IAALS’ 2023 Rebuilding Justice Award Dinner: A Night of Inspiration
Last Thursday, IAALS gathered with partners and friends for our 15th Annual Rebuilding Justice Award Dinner, celebrating the year’s awardees and recognizing our collective efforts to build a justice system that is accessible, constantly innovating, and puts people from all walks of life at its center.
“When I joined IAALS in 2012, I knew I was entering an organization that was critical to solving the toughest problems in the American legal system,” said Brittany Kauffman, IAALS CEO. “Over time, I have come to understand much more about the full scope of those problems, as well as the urgency with which they need to be addressed.” While marking IAALS’ key successes to improve access to justice across our legal system and profession, Kauffman also recognized our founders’ vision in making everything possible. In a special tribute video, IAALS honored co-founder John Moye, who passed away last year but whose legacy and vision live on through our work. “John’s presence is in everything we do at IAALS, down to the building we walk into every day,” said Kauffman. “John, and all of IAALS’ founders, are inspirations.”

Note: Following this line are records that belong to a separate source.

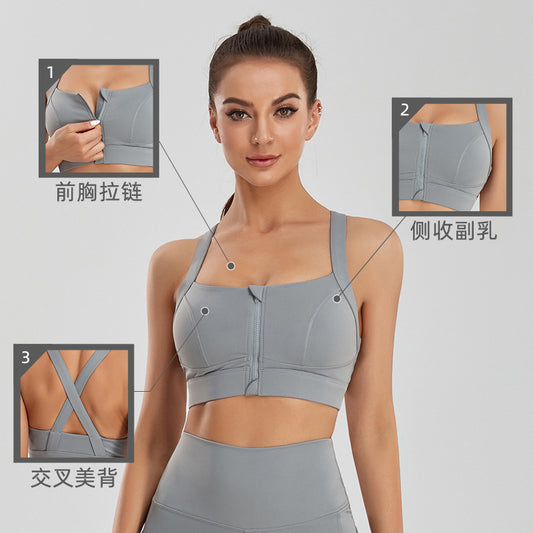 Custom 5XL Plus Size Women Sports Bra Front Zipper Shockproof Breathable HOOK & LOOP Adjustable Yoga Top Fitness Sports Bra
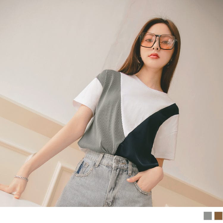 FAKE TWO PIECE PATCHED SHORT SLEEVE TOPS
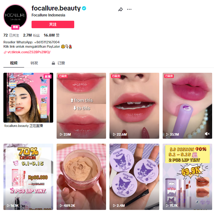 面对印尼市场的需求,Focallure将TikTok作为了主要宣传渠道。印尼账号@focallure.beauty目前拥有270万粉丝,并开展了直播带货,成功打造了一个强大的品牌矩阵。
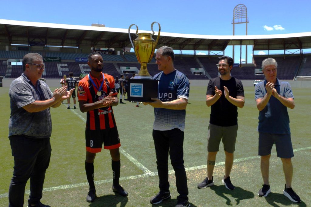 Ao final da partida, a cerimônia de premiação coroou o esforço dos atletas: o troféu foi entregue pelas mãos do prefeito, que junto ao secretário e aos vereadores fez a entrega das medalhas aos campeões — um momento de reconhecimento público ao empenho e à dedicação dos participantes.
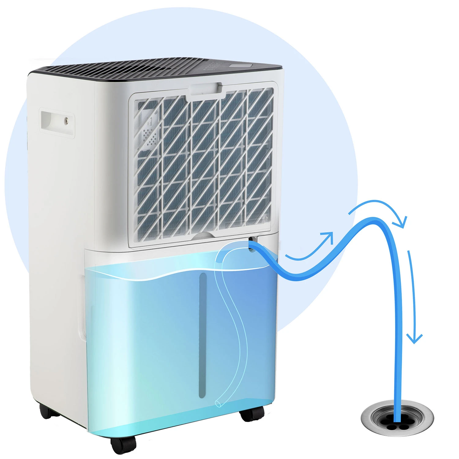 Wybierz tryb stałego odpływu – bez opróżniania zbiornika, bez przerw w pracy. Idealne rozwiązanie na długie, bezobsługowe osuszanie.

IAALS presented the 2023 Rebuilding Justice Award to former Michigan Supreme Court Chief Justice Bridget Mary McCormack, in recognition of her leadership, innovation, and role as an agent for systemic reform. In her remarks to the packed room, McCormack addressed what, exactly, has been standing in the way of meaningful change in our system, including the legal profession’s culture and leadership. Chief justices, though, could have a powerful voice should they choose to use it.
“What’s at stake is not just the high number of our neighbors who are struggling with civil legal problems but can’t solve them. It’s the rule of law itself. The rule of law is only a set of ideas, and the set of ideas is only as good as the public’s confidence in it. If people believe those ideas don’t account for them, they’re not going to continue to think those ideas matter.”

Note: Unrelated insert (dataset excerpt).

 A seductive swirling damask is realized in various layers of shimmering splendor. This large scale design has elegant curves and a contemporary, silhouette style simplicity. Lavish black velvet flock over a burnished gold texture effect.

She invited the audience to imagine what could be built if we let go of old ways of doing things, such as new pathways into the legal profession with holistic skills taught along the way, different ways to measure competence and license legal service providers, innovative business models that aligned the needs of lawyers and clients, and dispute resolution methods that centered people, not judges.
IAALS also presented Ariadna M. Godreau-Aubert, who Jim Sandman described as “not only a creative thinker, but an architect, builder, implementer, and doer,” with the Alli Gerkman Legal Visionary Award.
Godreau-Aubert spoke about her journey to founding Ayuda Legal Puerto Rico after seeing and experiencing firsthand how the “law violently crashes against people based on gender, based on class, based on race, based on the position where you are at a particular moment in your life.”
“If I wanted to say anything tonight, I wanted to say that I love to build things. I love to build things out of indignation, out of being tired, out of ‘just because,’ but also out of hope and love. I think that indignation—the realization that the system is broken—is able to get us to move, but will never be enough for us to sustain strategies that transform. And I think that has a lot to do with love and with hope and with possibility—and with the realization that things are still possible.”
“We are at a tipping point, the likes of which our justice system has never seen—and the momentum that we have gained must be maintained,” Kauffman said in her closing remarks. “IAALS is poised to do just that.” Thank you to everyone who joined us for an inspiring evening. We will carry the momentum from this night forward as we continue to build a better civil justice system for all.